Wells Fargo, the $294 billion US bank, engaged in a meeting with major global investment management firm Fortress Investment Group and Xapo CEO Wences Casares to potentially start a bitcoin exchange for their clients.
In his book “Digital Gold,” NY Times finance journalist Nathaniel Popper introduced an anecdote in regard to Wells Fargo and Fortress’ joint bitcoin project, which was discussed in 2013 in the New York headquarters of Fortress.

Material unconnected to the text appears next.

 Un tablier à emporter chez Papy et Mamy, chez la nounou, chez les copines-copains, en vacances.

Prior to the demise of Mt Gox, previously the world’s largest bitcoin exchange, bitcoin price was surging at an exponential rate. The market cap of bitcoin continued to set all-time highs, as its price reached $1,120. Mainstream media outlets and analysts created intense hype around bitcoin, which led multi-billion dollar banks and financial institutions to consider bitcoin as a game-changing technology within the realm of finance.

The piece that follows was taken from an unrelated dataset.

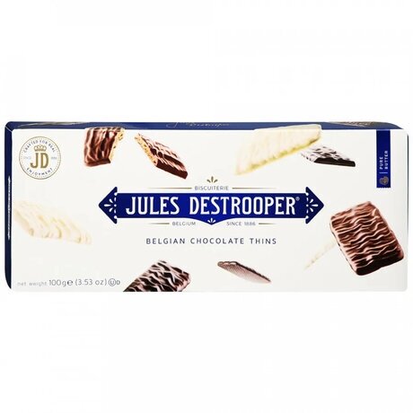 Печенье в шоколаде Jules Destrooper "Ассорти" - хрустящие и тонкие печенья, обильно покрытые тремя сортами настоящего бельгийского шоколада (темным, белым и молочным).

To target younger clients who were interested in investing their money into bitcoin at the time, Wells Fargo and Fortress sat down with prominent investors and finance experts such as Casares to discuss the viability of a business model based on a global bitcoin exchange.
Xapo was yet to be launched during the time executives from Wells Fargo and Fortress were discussing the possibility of launching a bitcoin exchange as a collaborative project. Xapo was launched almost a year later by Casares.

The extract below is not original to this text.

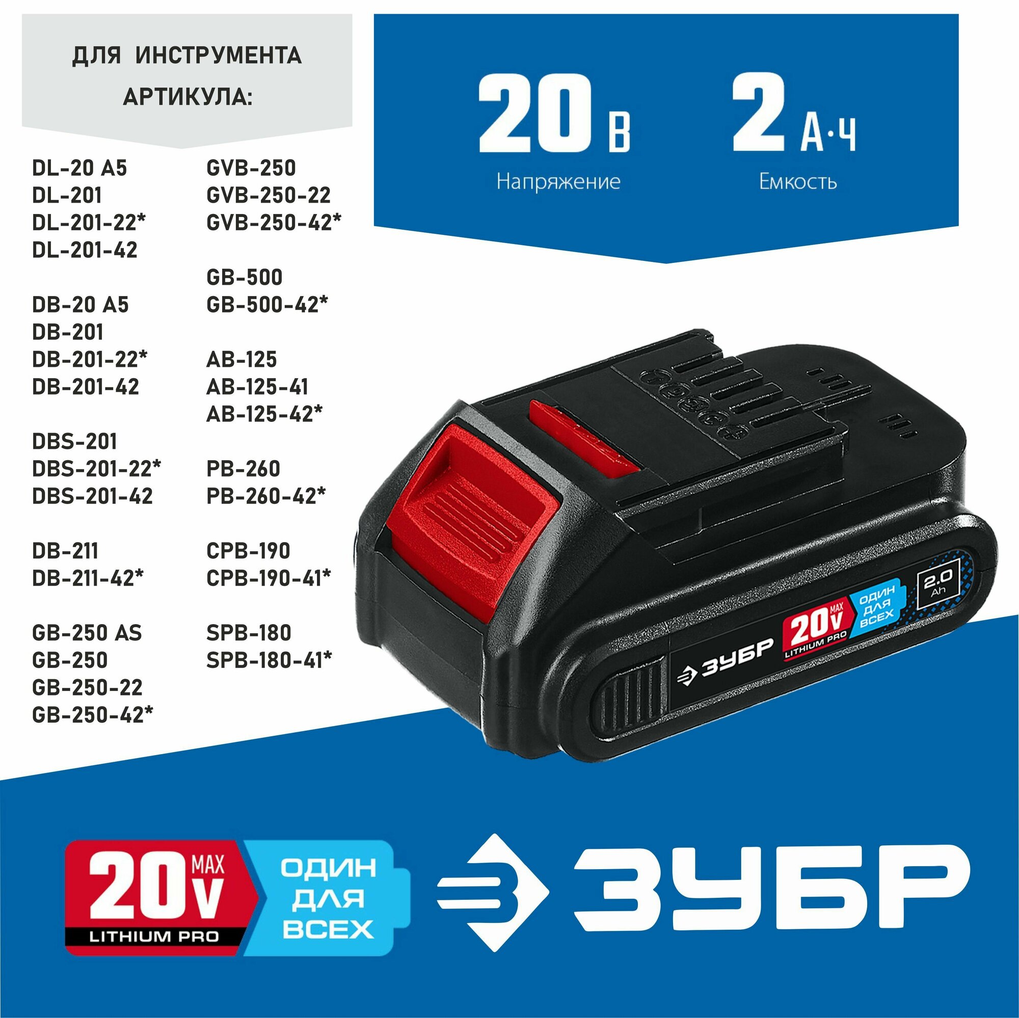ЗУБР T7, 20 В, 2.0 А·ч, аккумуляторная батарея, Профессионал (ST7-20-2)

The idea of the Fortress team, which was already looking into potential business models around bitcoin due to the company’s interest in the rapid growth of bitcoin, was to create a regulated bitcoin exchange for US-based customers. With a regulated market, Fortress believed that bitcoin mainstream adoption will spur and the general public will be able to invest in bitcoin with ease, without running in conflict with lawmakers.
An excerpt from Popper’s book read:
“Pete stood up and made his basic pitch to the Wells Fargo team. He explained why the Fortress team was so intrigued by the technology and pointed at the smart people around the table, such as Wences, who had thrown themselves into it. He hinted that Wells Fargo should be keeping up with bitcoin, given the potential for the new network to challenge some of the basic services, like payment networks, that the bank was providing. Pete closed by talking about the lack of an American-based regulated exchange for bitcoin–something that Fortress and wells Fargo could provide together.”
In 2013, the global bitcoin exchange market wasn’t well established and structured. Most traders purchased bitcoin in over-the-counter (OTC) markets or in direct purchases, as regulated bitcoin exchanges weren’t around during the time.
If Wells Fargo and Fotress introduced a fully regulated bitcoin exchange, it would have been the first of its kind. Such infrastructure built by one of the largest banks and financial service providers within the US would have formed a completely different image of bitcoin.
Ultimately, the plan of Wells Fargo and Fotress to introduce a regulated bitcoin exchange fell out, most likely because of the Mt Gox fiasco which crashed the value of bitcoin and led to a long recovery period for bitcoin.
Currently, banks including Wells Fargo are looking into private blockchain technology-based platforms, inspired by Bitcoin. However, blockchain projects are struggling to demonstrate any success or progress. In the future, if blockchain development comes to a halt, there will be a possibility of Wells Fargo pursuing business models around bitcoin.